Thinking of taking a nap to break up the hours or to tackle the midday sluggishness?
Do you suffer from the mid-afternoon slump?
Did you enjoy a delicious meal only to nod off in a comfy chair?
Are you sleep-deprived or just looking for a way to relax?
Is there a change in how tired you are feeling?
Feel Like Napping:
Ask yourself why you need a nap. Daytime naps and their benefits may be just what you need.
An increase in tiredness could be a symptom of a few different health conditions. Anemia, stress, anxiety, or depression can make you feel more tired than regular. Or if you have a vitamin deficiency lacking in Vitamin D, vitamin B-12, iron, tiredness is a symptom. Long naps are associated with an increased risk of diabetes and depression.
Taking a brief nap during the day is an efficient way to cope with post-lunch tiredness. To catch up on lost sleep or to help you feel more alert for the afternoon. A rapid fall in energy can leave you less lively and struggling to focus. Making time for a nap if you experience fatigue or unexpected sleepiness is best.
If you find your concentration is wavering in the afternoon while working from home, try a nap on your lunch break. Putting a short sleep in your daily routine will give your body a health boost. You can benefit from quiet time in the middle of a hectic day.
Taking a nap also helps clear information out and lets areas of the brain recover. Naps are a natural way to recharge for the day.
Benefits of Napping:
Napping can make a difference in your day. Once you wake up from daytime naps, here are benefits:
- Reduces sleepiness
- Improves cognitive performance
- Boosts memory
- Clearer mind and alertness restored
- Concentrating becomes easier
- Attention span increases.
- Improves motor skills, accuracy, and reaction times
- Recovery from fatigue
- Ease stress
- Lift your mood and boost up higher energy levels
- Lower blood pressure
Naps of all lengths enhance body and mind. To reap most of the benefits, you must be mindful of the amount of time you plan to nap.
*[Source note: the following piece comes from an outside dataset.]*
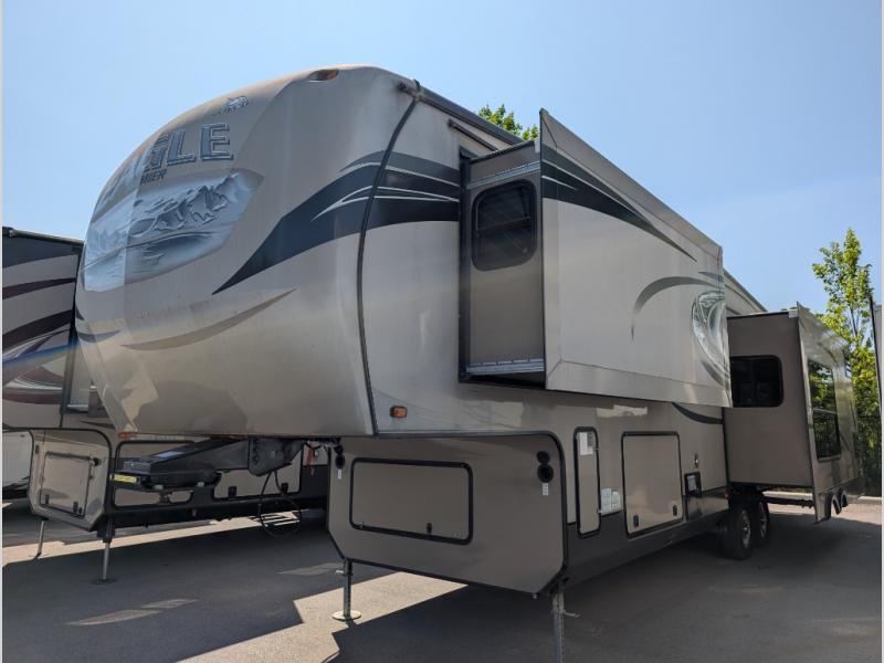 Triple Slide Eagle Premier Fifth Wheel, Rear Kitchen w/Dbl. Kitchen Sink, 3-Burner Range, Microwave, Pantry, Dinette/Hide-a-Bed Slide, Mobile Cabinet, 2-Barstools, Refrigerator/Hutch/Mobile Cabinet Storage/2-Lounge Chairs/End Table Slide, Ward., Entertainment Center, Step Up To Bed/Bath, Toilet, Shower, Lav., Med. Cab., Wardrobe/Queen Bed Slide, Walk-In Closet, Storage, W/D Prep, Chest, Overhead Cabinets Throughout & Much More. Available Options May Include: King Bed, Free-Standing Table/Chairs.
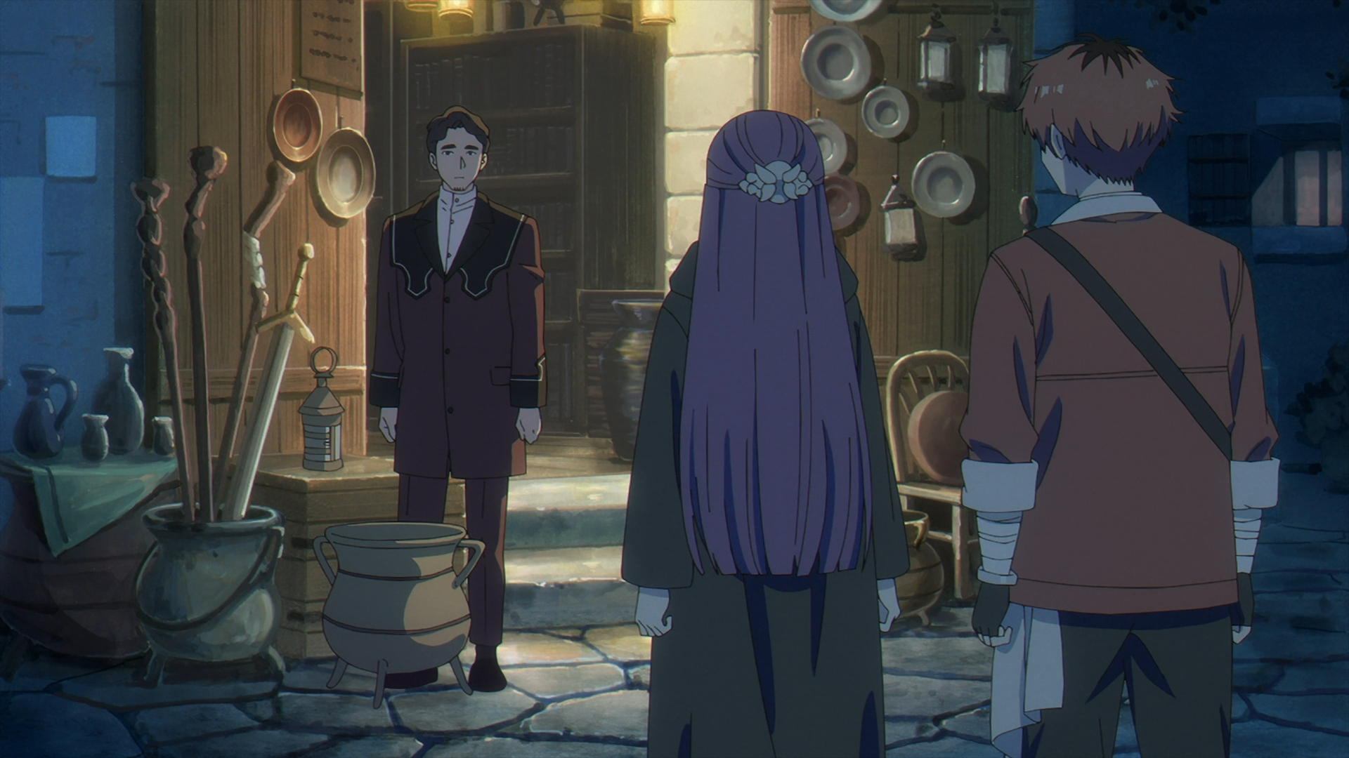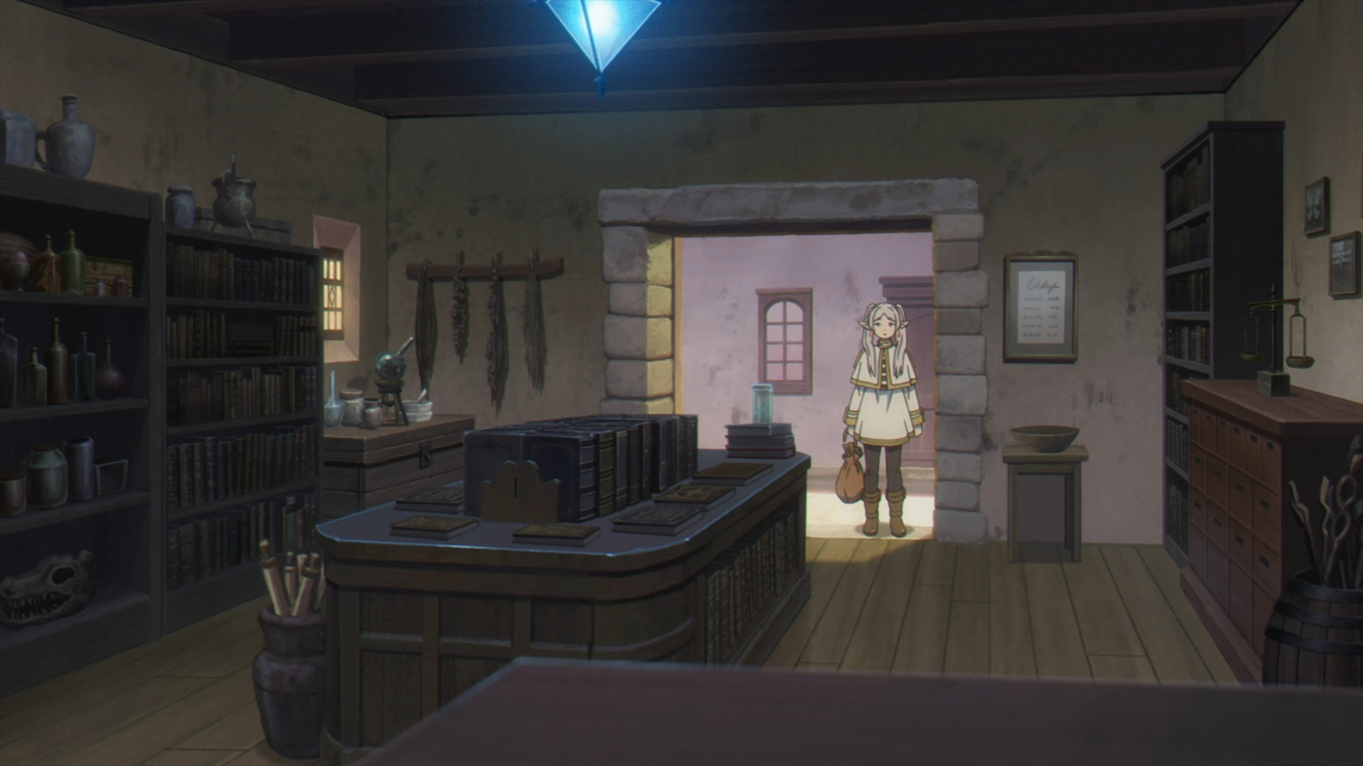 Stark & Fern walk by Richter’s shop and Richter is outside doing some kind of shop maintenance. He mentions to Fern that “she’s Frieren’s kid?” Fern gives no answer with an expressionless face. Stark has to step in to agree for her. Richter goes on to tell them how frustrated he was with what Frieren put him through. Furthermore, he tells her that he would have made more money if she just bought a new staff. In a little further glimpse of Richter’s kindness, he tells Fern to “take care of it.”

Keep naps short a 20 minute nap is the best length. This time range allows your mind and body to rest without entering the deeper sleep stages.
However, just a 10-minute nap in the afternoon can be enough to help you feel refreshed with significant performance improvements.
Midday naps are not for sleeping the day away. Remember that napping will never replace the function of getting adequate sleep at night.
Set a timer so that you do not nap for more than the required minutes. The alarm set lets you relax that you can wake as planned.
Wearing an eye mask, earplugs, settling in a quiet and comfortable place is helpful for daytime napping.